What to do:
Using the records that appear below, write out exactly the lines from the one with "Z Misfat al" through the one with "짤은 오도바이 컨셉으로", keeping both end lines.

Data shown:
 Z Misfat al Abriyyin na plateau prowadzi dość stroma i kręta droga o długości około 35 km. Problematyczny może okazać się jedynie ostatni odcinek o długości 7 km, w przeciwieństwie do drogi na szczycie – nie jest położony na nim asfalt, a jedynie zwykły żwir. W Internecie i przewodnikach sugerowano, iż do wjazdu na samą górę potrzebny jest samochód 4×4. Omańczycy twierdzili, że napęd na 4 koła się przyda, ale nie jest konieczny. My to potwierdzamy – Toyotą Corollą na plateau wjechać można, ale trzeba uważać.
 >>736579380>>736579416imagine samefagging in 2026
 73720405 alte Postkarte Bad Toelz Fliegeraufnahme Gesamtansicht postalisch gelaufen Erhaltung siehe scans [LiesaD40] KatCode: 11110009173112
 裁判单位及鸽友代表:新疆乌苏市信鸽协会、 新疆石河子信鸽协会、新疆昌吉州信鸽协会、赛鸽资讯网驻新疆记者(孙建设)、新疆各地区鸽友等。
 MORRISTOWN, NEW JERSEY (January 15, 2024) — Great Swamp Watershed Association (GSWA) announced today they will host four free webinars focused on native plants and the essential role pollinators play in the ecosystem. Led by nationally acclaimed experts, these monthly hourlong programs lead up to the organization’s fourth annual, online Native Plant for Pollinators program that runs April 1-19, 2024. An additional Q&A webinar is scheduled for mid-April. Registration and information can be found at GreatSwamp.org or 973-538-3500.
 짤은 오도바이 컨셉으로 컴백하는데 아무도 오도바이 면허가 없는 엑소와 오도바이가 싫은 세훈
---
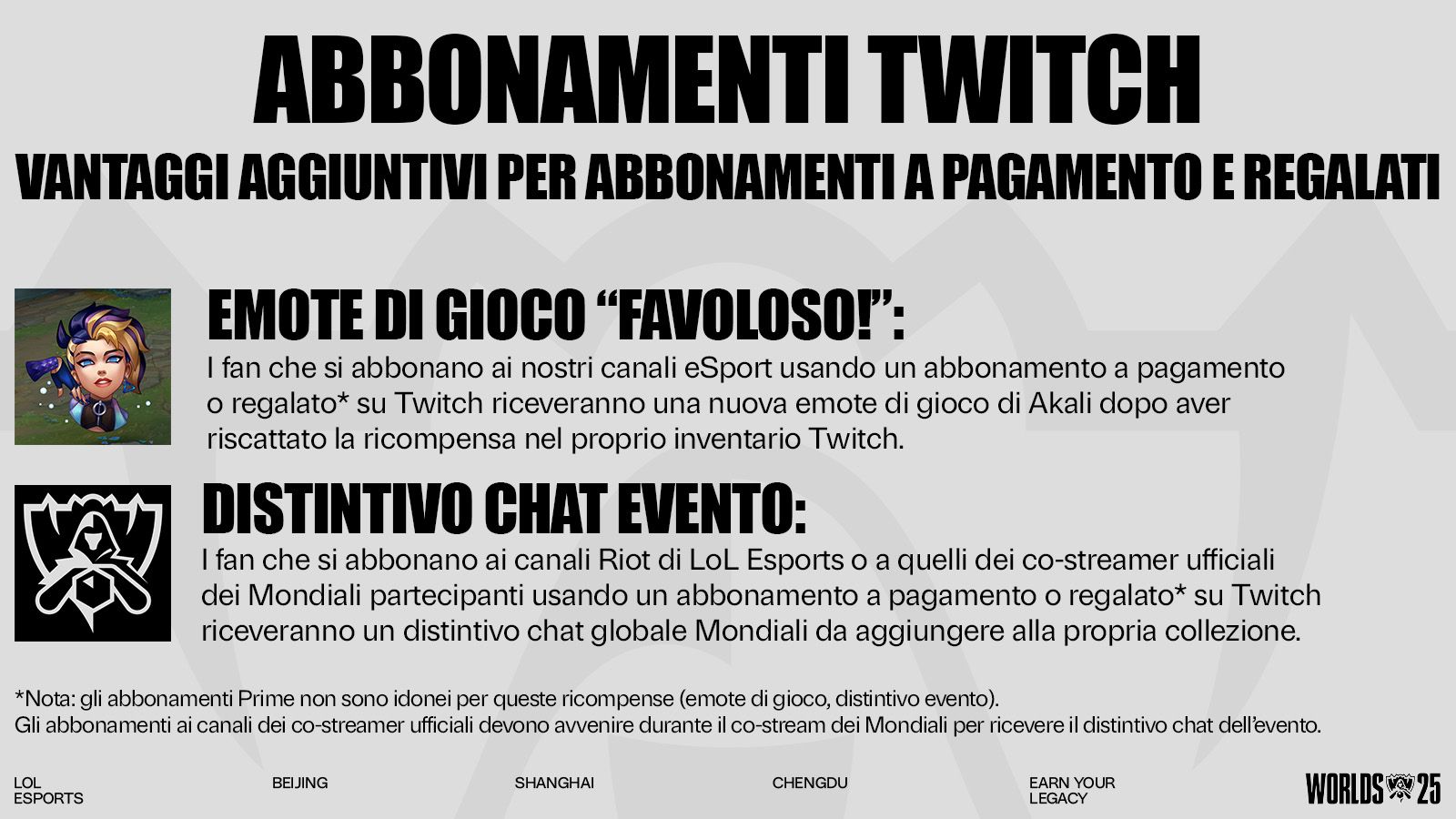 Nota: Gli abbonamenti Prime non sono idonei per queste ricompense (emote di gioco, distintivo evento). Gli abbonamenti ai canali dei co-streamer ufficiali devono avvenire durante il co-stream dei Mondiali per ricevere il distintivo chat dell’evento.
* * *
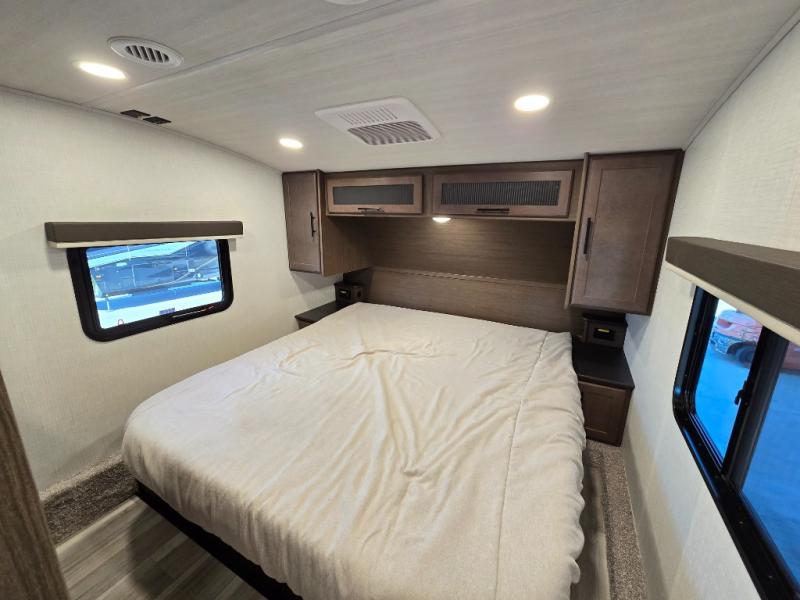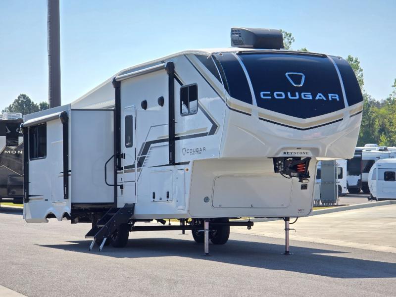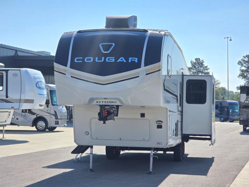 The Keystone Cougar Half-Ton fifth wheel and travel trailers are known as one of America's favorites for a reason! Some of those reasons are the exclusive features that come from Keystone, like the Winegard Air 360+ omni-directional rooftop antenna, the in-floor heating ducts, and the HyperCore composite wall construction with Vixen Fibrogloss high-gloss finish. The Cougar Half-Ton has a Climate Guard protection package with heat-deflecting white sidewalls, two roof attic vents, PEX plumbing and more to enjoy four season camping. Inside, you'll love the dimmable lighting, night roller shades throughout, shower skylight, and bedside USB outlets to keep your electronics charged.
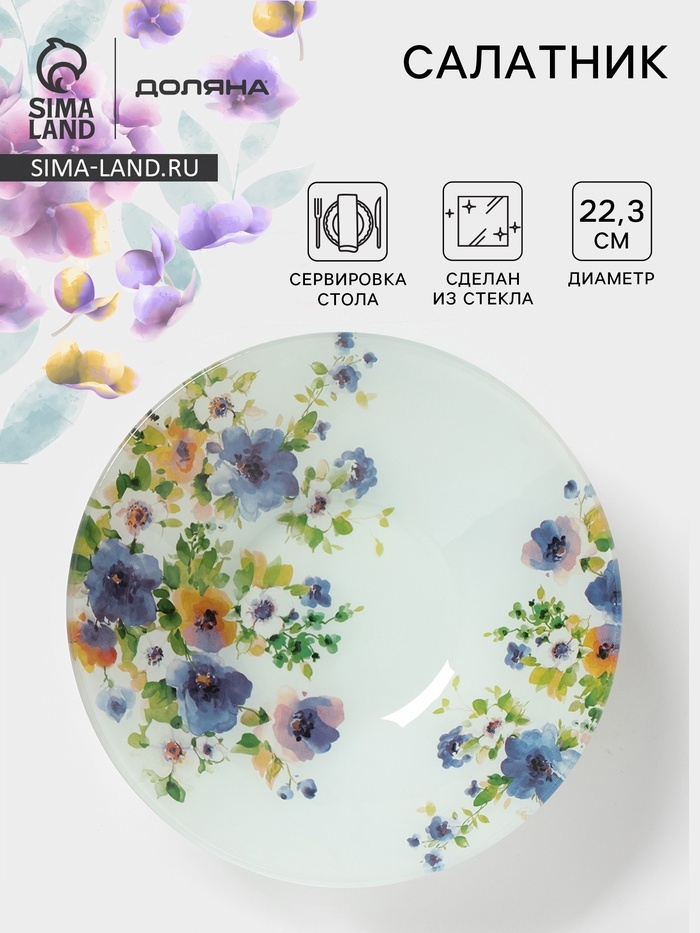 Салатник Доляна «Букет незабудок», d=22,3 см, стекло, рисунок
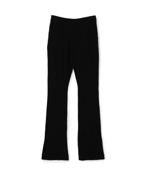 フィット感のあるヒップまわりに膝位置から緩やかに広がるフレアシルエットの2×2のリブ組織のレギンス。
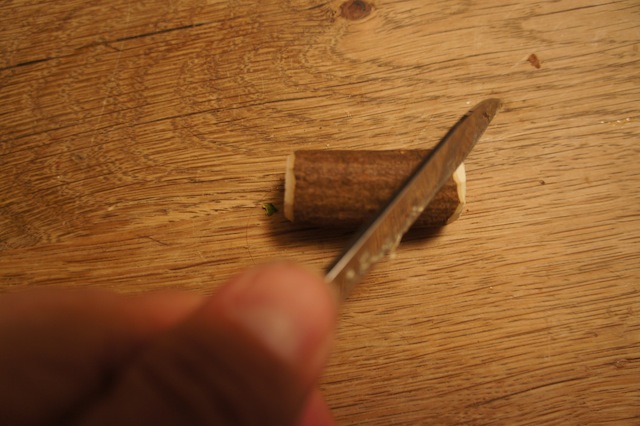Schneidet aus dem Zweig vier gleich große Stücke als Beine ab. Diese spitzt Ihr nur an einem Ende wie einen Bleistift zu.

Reply to the task:
 Z Misfat al Abriyyin na plateau prowadzi dość stroma i kręta droga o długości około 35 km. Problematyczny może okazać się jedynie ostatni odcinek o długości 7 km, w przeciwieństwie do drogi na szczycie – nie jest położony na nim asfalt, a jedynie zwykły żwir. W Internecie i przewodnikach sugerowano, iż do wjazdu na samą górę potrzebny jest samochód 4×4. Omańczycy twierdzili, że napęd na 4 koła się przyda, ale nie jest konieczny. My to potwierdzamy – Toyotą Corollą na plateau wjechać można, ale trzeba uważać.
 >>736579380>>736579416imagine samefagging in 2026
 73720405 alte Postkarte Bad Toelz Fliegeraufnahme Gesamtansicht postalisch gelaufen Erhaltung siehe scans [LiesaD40] KatCode: 11110009173112
 裁判单位及鸽友代表:新疆乌苏市信鸽协会、 新疆石河子信鸽协会、新疆昌吉州信鸽协会、赛鸽资讯网驻新疆记者(孙建设)、新疆各地区鸽友等。
 MORRISTOWN, NEW JERSEY (January 15, 2024) — Great Swamp Watershed Association (GSWA) announced today they will host four free webinars focused on native plants and the essential role pollinators play in the ecosystem. Led by nationally acclaimed experts, these monthly hourlong programs lead up to the organization’s fourth annual, online Native Plant for Pollinators program that runs April 1-19, 2024. An additional Q&A webinar is scheduled for mid-April. Registration and information can be found at GreatSwamp.org or 973-538-3500.
 짤은 오도바이 컨셉으로 컴백하는데 아무도 오도바이 면허가 없는 엑소와 오도바이가 싫은 세훈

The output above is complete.